Aslında hiç kimse, bırakın dinî ilimleri, herhangi bir bilim sahasında sadece üniversite diplomasına dayanarak söz söyleme yetkisine sahip olmaz. Hangi mühendis dört yılda okuduklarıyla mühendislikte büyük sözler söylemeye kalkışabilir? Hangi hukukçu diplomam var diye hukuk âlimi kesilebilir? Buna müsaade edilmez. Ama mevzu din olunca müsaade sonsuz!

Daha ileri seviyede dinî ilimlerle meşgul olmuş, araştırmalar yapmış kişiler ise, dinî ilimlerin en başta belirlenmiş usûllerine göre konuşmak, kurdukları her bir cümlenin sonuçlarını dikkate almak zorundalar. Hem kendilerinin hem de onları dinleyenlerin selameti bakımından... 

Ne doğru söylemişler: “Cahil cesur olur!” Aslında dilimizde cesaret olumlu bir kavramdır. Kökeni “köprü” anlamına gelen “cisr” ile aynıdır. Kişinin köprüyü geçer gibi korkusuzca geçip gitmesi demektir. “Cür’et” ise Arapça’da “bahadırlık, yiğitlik” demektir. Ama dilimizde olumsuz bir anlama sahiptir. Haddini bilenin ataklığına “cesaret,” haddini bilmeyeninkine ise “cüret” denir. Cahil cüretli, âlim cesaretli olur.

Cahilin cüreti, âlimin cesaretinden fazladır. Âlim bilir ama iddia etmez; cahil bilmez ama iddia eder. Buna bakarak insanların cahil mi âlim mi olduğunu hemen anlayabilirsiniz. Çünkü ister kunduracılık isterse dinî ilimler olsun, çok bilen, esastan bilen, usûlüyle bilen, edebiyle bilen kişi ne kadar bilmediğini de bilir. Oysa cahil çok az şey bilerek her şeyi bildiğini sanır. İnsan bilmediği konuda mutlaka susmalı. Ama bizde kimse “bilmiyorum” demez, diyemez. Sanki bu ayıptır. İster adres sorun, isterse dinî bir hüküm, kimse bilmediğini “ben bilmiyorum” diyerek itiraf etmez. Oysa “bilmiyorum” demek, ilmin ve edebin göstergesidir.

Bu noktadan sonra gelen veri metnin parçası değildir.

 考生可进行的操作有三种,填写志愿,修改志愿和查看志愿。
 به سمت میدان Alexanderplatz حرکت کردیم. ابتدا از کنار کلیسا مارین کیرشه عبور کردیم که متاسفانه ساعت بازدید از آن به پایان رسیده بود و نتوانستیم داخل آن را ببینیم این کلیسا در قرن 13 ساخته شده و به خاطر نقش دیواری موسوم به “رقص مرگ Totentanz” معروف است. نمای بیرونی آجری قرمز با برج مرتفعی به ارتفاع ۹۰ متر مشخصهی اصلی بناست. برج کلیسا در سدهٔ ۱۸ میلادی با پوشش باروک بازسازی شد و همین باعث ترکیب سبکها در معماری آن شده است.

Yanlış anlaşılmasın; cahilliği, bilmemeyi övüyor değiliz. Mümin cahil olabilir ama cahil kalamaz. Çünkü dinimizde öğrenmek farzdır. Neyi? Dinimizin iman esaslarını, ibadetlerini, haramları helâlleri... Ayrıca kişinin uğraştığı mesleğin gereklerini, esaslarını; muhatap olduğu kişilerin muhataplık seviyesine göre haklarını bilmesi de elzemdir. Demek ki ilim ve amel sadece ibadetlerle sınırlı değildir, hayatın tümüyle ilgilidir.

Son asırda müslümanlar

Günümüzdeki bozulma ne yazık ki artık inanca kadar indi. Dindar ailelerin çocukları bile imanı muhafaza hususunda hiç hassas değil. Bunun için üniversitede ders verdiğim talebelere itikad ile ilgili sorular sormuyorum. Çünkü cevap verirken küfre düşmelerinden endişe ediyorum. Sözü yanlışlara getirerek doğruları göstermeye çalışıyorum.

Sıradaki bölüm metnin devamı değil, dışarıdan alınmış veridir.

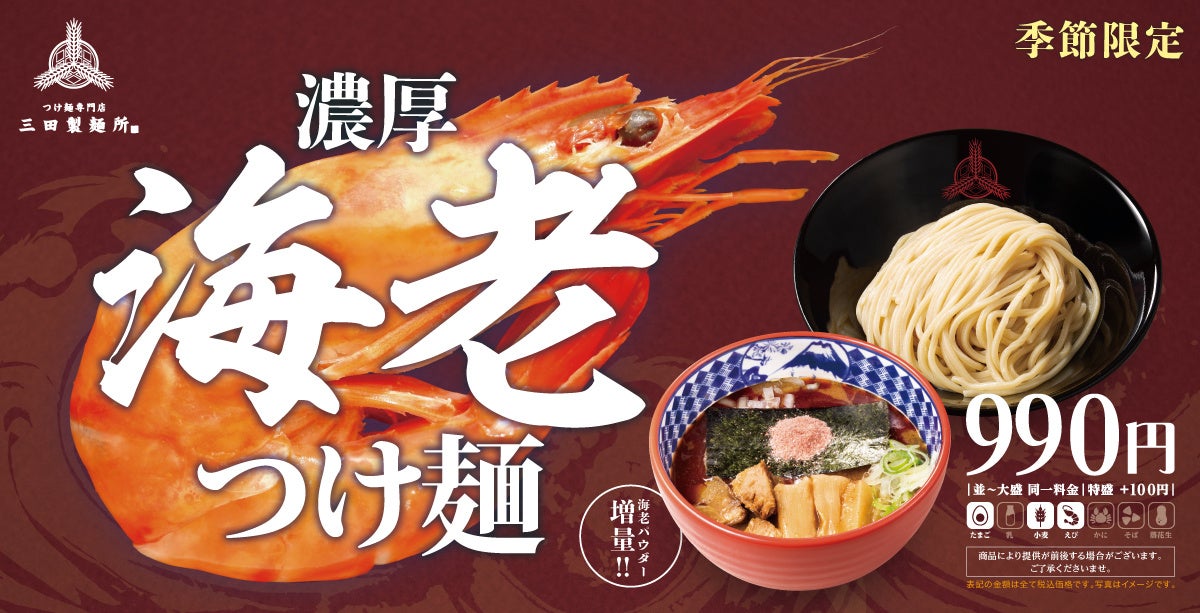 2023年3月7日(火)より、株式会社エムピーキッチン(本社:東京都渋谷区、代表取締役:村上竹彦)が運営する「つけ麺専門店 三田製麺所」は、春季限定商品『濃厚海老つけ麺』を販売致します。

Son bir asırdır ümmet olarak Müslümanlıktan çok bahsediyoruz ama gün be gün onunla irtibatımız sağlamlaşmıyor, dindarlığımız artmıyor. Bunu William Chittick adındaki bir Amerikalı müslüman akademisyen şöyle özetlemiş: “Bir asır evvel müslümanlar ‘Allah’ diyordu. Bugün ise ‘İslâm’ diyorlar.”

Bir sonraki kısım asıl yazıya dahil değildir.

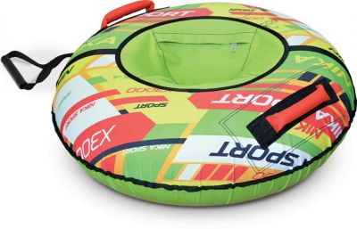 основная информация материал: верх – ткань oxford 500d с ярким принтом дно – автотент пвх 610 преимущества: усиленное дно все швы усилены капроновой лентой светоотражающие элементы крепкие эргономичные ручки защитный внутренний клапан с потайной молнией буксировочный ремень устойчивый к морозам материал до -28?с камера в комплекте диаметр: чехол – 770мм тюбинг в накачанном виде – 700мм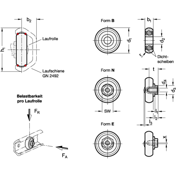 - Form: N - Normallaufrolle mit zentrischem Lagerzapfen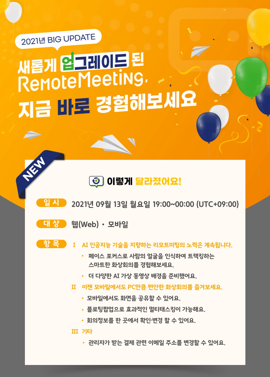 화상회의 솔루션 RemoteMeeting(리모트미팅)이 새롭게 업데이트되었습니다.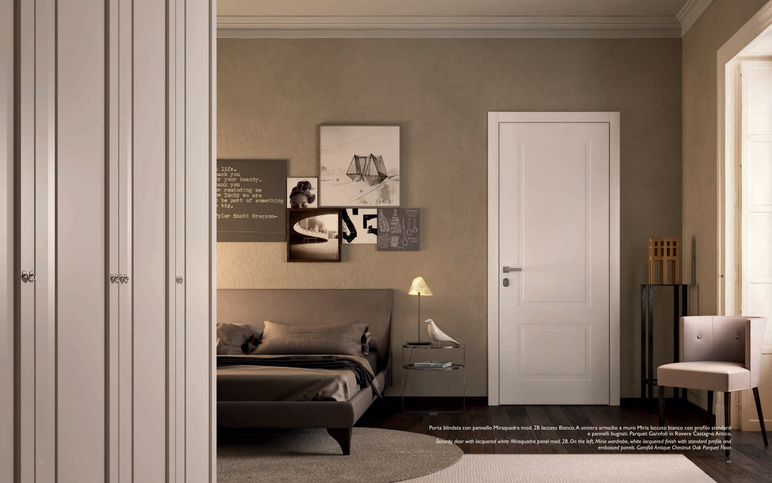 Security door with lacquered white Miraquadra panel mod. 2B. On the left, Miria wardrobe, white lacquered finish with standard profile and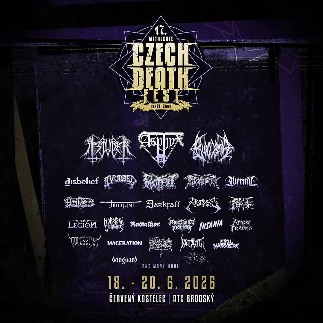 Line-up MGCDF 2026: ABRUPT DEMISE, ASPHYX, ATROX TRAUMA, AVERNAL, AVULSED, BJES, BLOODBATH, COLOSALIST, DARKFALL, DISBELIEF, FATALITY, FLESHLESS, FRACTURATED INSANITY, HORRIBLE CREATURES, INSANIA, MACERATION, MELANCHOLY PESSIMISM, RADIATHOR, REDZED, ROTPIT, SHINIGAMI, SOUL MASSACRE, THY LEGION, TORTHARRY, TSJUDER, VANGUARD a mnoho dalších

Bu söz üzerinde uzun uzun düşünmek gerekir. Kasdettiği şu: Müslümanlar Allah’ın kulu oldukları bilincini kaybettiler. Allah ile bir kul olarak bağ kurmak yerine, sanki bir “konu” imiş gibi ilgileniyorlar. Dini bir kelimeye, bir kavrama, bir slogana indirgiyorlar. Yani “Allah” diyorlar ama aslında Allah’ı kasdetmiyorlar. Amellerinde, hayatlarında, yazılarında O’ndan eser yok.

Amel dedik... Kulun ameli sadece namaz kılmak, oruç tutmak, zekât vermek gibi ibadetler değildir. Dinden, mühendislikten, sanattan, siyasetten, ticaretten, kısacası neden bahsedersek edelim söylediğimiz, yazdığımız, tartıştığımız, yaptığımız her şey bir ameldir. Müminin yaptığı her şey gibi yazdığı yazı da bir ameldir. Yaratmak fiili üzerine fetva verilirken bu bilinçle yazılsaydı böyle fâhiş yanlışlara düşülmezdi.

İnsan, hayatındaki milyonlarca hareketini, sözünü, işini Hak ölçüsüne göre nasıl yapacak? Cevap açıktır: Kur’an ve Sünnet’e uyarak... Çünkü Rasulullah s.a.v. Efendimiz’in hayatında yaptığı günlük işlerden mucizelere kadar hemen hepsi kaydedilmiştir. O halde bir işi neden ve nasıl yapmamız gerektiğinde rehberimiz Rasulullah s.a.v. Efendimiz’dir. Hep söylüyorum; gün içinde boş işlerle uğraşacağımıza, sosyal medyadaki saçmalıklara vakit harcayacağımıza bir sünneti öğrenip onu yapmaya gayret edelim. İnşallah bu şekilde dünyamız da, ahiretimiz de âbâd olur.

Size de kendime de nasihatim şu: Gelin dini bir kelimeye, bir slogana, bir dolgu malzemesine indirgemeyelim. Gelin Rabbimiz ile aramızı hoş tutalım. İmanımızın üzerine titreyelim. Dosdoğru yoldan sapmayalım. Bâtıl bataklara batmayalım. Büyük küçük her işimizi güzel niyetle, Allah ve Rasulü’nün muradına uyarak yapalım.